A winter storm warning continues Tuesday in the mountains, where two people were injured, one seriously, Monday evening in a crash involving a snow plow. And a freeze watch has been issued for Tuesday night and Wednesday morning in Mecklenburg and nearby counties.

Schools were closed for the second straight day Tuesday in Ashe, Avery, Madison, Watauga and Yancey counties in the northwest mountains, along with several school systems west of Asheville. Schools in Alleghany and McDowell counties opened on a delayed basis.

Forecasters say one more low pressure system is swinging through the mountains Tuesday, probably bringing a few more inches to areas above 3,000 feet. That same system also could produce a few rain showers and possibly some ice pellets in the Charlotte area.

The heaviest snowfall total so far came from the western mountains. The town of Maggie Valley, in Haywood County, reported 13 inches. A 12-inch accumulation was reported at Mount Mitchell State Park in Yancey County.

Snowfall totals of 6 to 8 inches were common in Avery and Watauga counties, including in Boone. Even lower elevations, such as Newland in Avery County, got 2 to 3 inches of snow.

The snow is good news for ski enthusiasts. Sugar Mountain announced Monday that it will remain open through Easter Sunday -- one of its latest seasons in recent years.

Slippery roads are blamed for a serious wreck Monday in Watauga County. The N.C. Highway Patrol reports two people were injured in a collision between an SUV and a snow plow on Blowing Rock Road in Boone. One of those hurt in the crash was airlifted to a Winston-Salem hospital with life-threatening injuries.

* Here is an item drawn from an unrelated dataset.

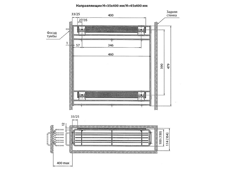 Бутылочница может быть установлена как на шариковых направляющих с доводчиком, так и на направляющих без него

At lower elevations in the Piedmont, very chilly temperatures are the story. Lows were in the upper 20s and lower 30s Tuesday morning. At 7 a.m., it was 30 degrees at Charlotte Douglas International Airport, but readings as low as 28 degrees were noted in Lancaster and Lincolnton.

Some cloudy periods are expected Tuesday in the immediate Charlotte area, as the low pressure system crosses the mountains, and Charlotte’s high temperature is expected to be 50 degrees -- more than 15 degrees below the average for this time of year.

Slight recovery is expected Wednesday, with sunshine and highs in the low 50s. Forecasters expect temperatures to climb a few degrees every day, finally nearing 60 Saturday and the middle 60s for Easter Sunday.